Sunday, July 28, 2013

the view from sunday night or how i had antlers before they were cool


the air was heavy and it felt all weekend like it was waiting to storm. i(t) never stormed. denmark is very restrained that way. in south dakota, a good old fashioned thunderstorm would have blown through and cleared out that pesky, heavy waiting and left it cool and rinsed clean. no such luck here. the air is still heavy and too warm for sleeping. we can't even have the windows properly open as molly is in heat and desperate to get out to the papa kitty. we think she's had enough kittens for one year, so she's got to stay inside until it's over. i don't want to fix her yet as i want one more batch of kittens next spring - no sense bringing those good minnesota cat genes over here and not taking advantage of them properly. but she (and perhaps i) have been through enough for this year, so she has to wait until spring. she's lucky i love her or she'd have driven me completely crazy with her meowing and cajoling to go outside and rendezvous with the papa kitty.


i went on an uncharacteristic cleaning frenzy today, dusting, tidying, rearranging, organizing, vacuuming spider webs (they say spiders are a sign of a healthy inner climate in a house, so we're very healthy, let me tell you). i wonder how those spiders are all getting along inside the bag in our vacuum cleaner. do different kinds of spiders like each other? it feels good that things are tidy and clean. it gives me that essential sunday evening feeling that leaves me ready to face the week ahead. it's the last full week before school starts, so i want to spend some time together with sabin, who has been flitting off with one friend and another to summer houses and car races.
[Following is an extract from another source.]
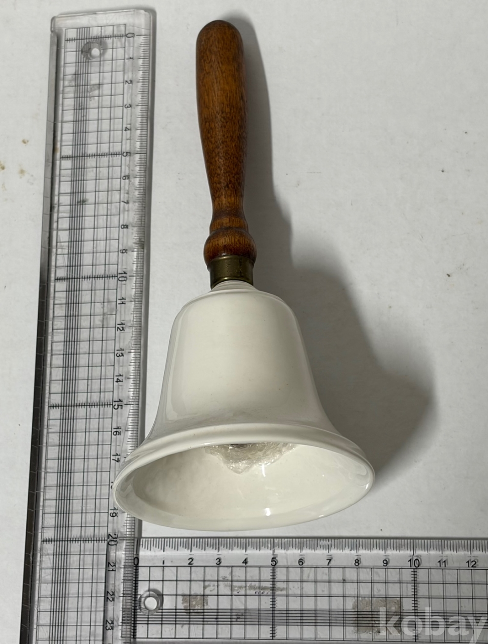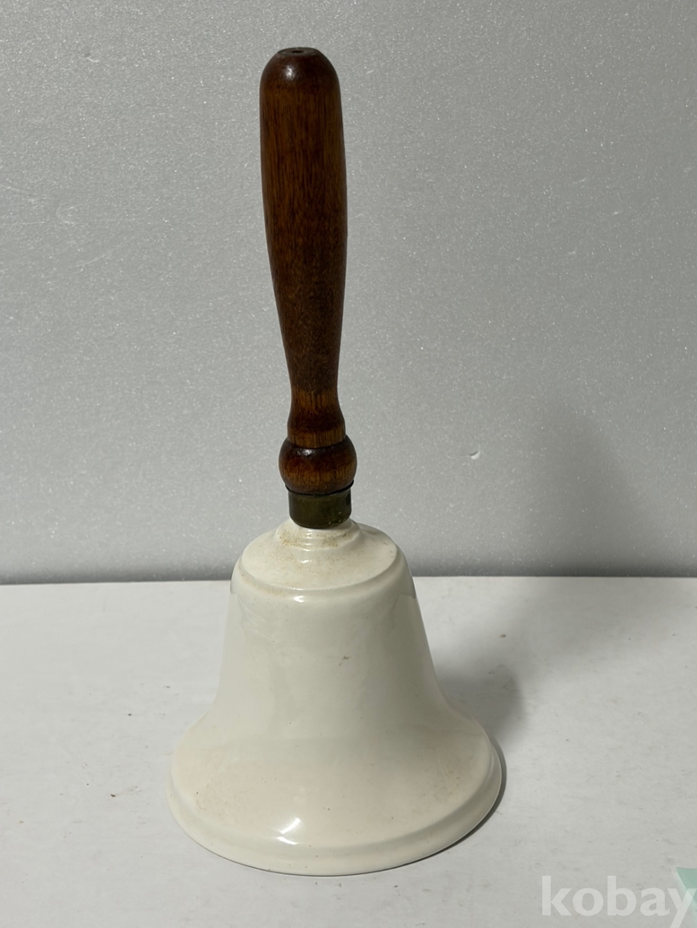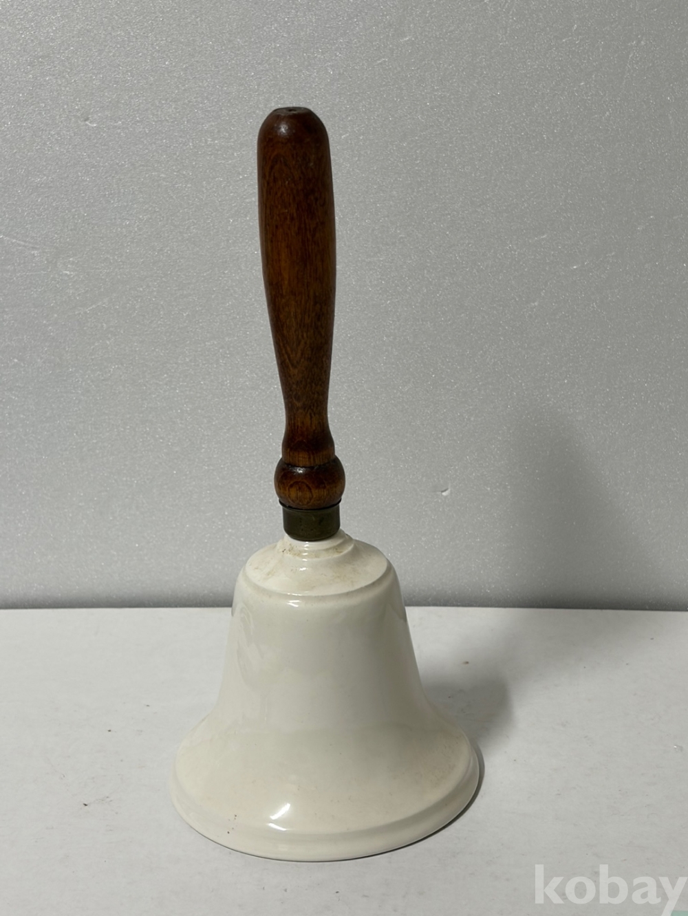 나무 손잡이가 달린 하얀색 도자기 종입니다.

have you noticed that my photos and my words are quite disconnected? i took the photos after vacuuming up the spiders, otherwise, they would have been more connected. now i'll try to connect them a little bit more. i was out picking this bouquet of verbena by the road when i ran into our cat tiger (also known as pelle haleløse (pelle the tail-less) as he came home last summer without most of his tail) out there, relaxing in the grass and trying to stay cool. i was chatting away to him when some people came by, walking their dogs and thinking i was insane to be chatting animatedly with myself in english (they couldn't see the cat in the grass). oh well, they'll chalk it up to the crazy canadian, since it's rumored in the area that i'm canadian. i can live with that. oddly, i felt no compulsion whatsoever to explain and no embarrassment. i wonder if that is the first sign of madness?
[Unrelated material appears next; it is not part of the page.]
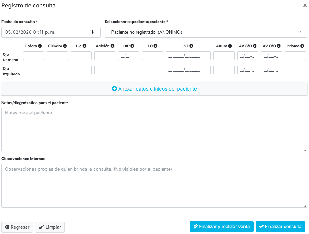 El sistema desplegará un formulario con todos los campos necesarios para registrar una nueva consulta médica, pero es necesario seleccionar al paciente o bien mantenerlo en anonimato. Al finalizar deberá presionar el botón Finalizar consulta o Finalizar y realizar venta para conservar los datos.

i almost didn't have the heart to throw out these fetchingly dried daisies, but after photographing them, i replaced them with fresh ones. i almost think they're prettier when they're withered and dried. i suspect there's a lesson in that somewhere. or maybe i'm feeling philosophical after reading my fourth douglas kennedy book in as many weeks. tara suggested the first one (pursuit of happiness) to me on goodreads and that got me hooked. i devoured state of the union in about 24 hours. it's my favorite one yet. all of the ones i've read so far (i'm now on number 5 - the big picture) are about people whose choices led them feel they've lived the wrong life. they make me feel like writing, tho' i finish each one reluctantly, sad to leave behind characters who quickly come to seem like friends. i've got several more on order from the library. his style and characters suit my mood of the moment perfectly, tho' i feel far from having lived the wrong life.


antlers are everywhere on pinterest at the moment. i got this little skull last fall at the boy scout flea market for 20 kroner. i don't know what kind of deer it is, but i love it. all of the deer in this country are freakishly small and this one is no exception. i'd like to think that i was way ahead of that antler trend.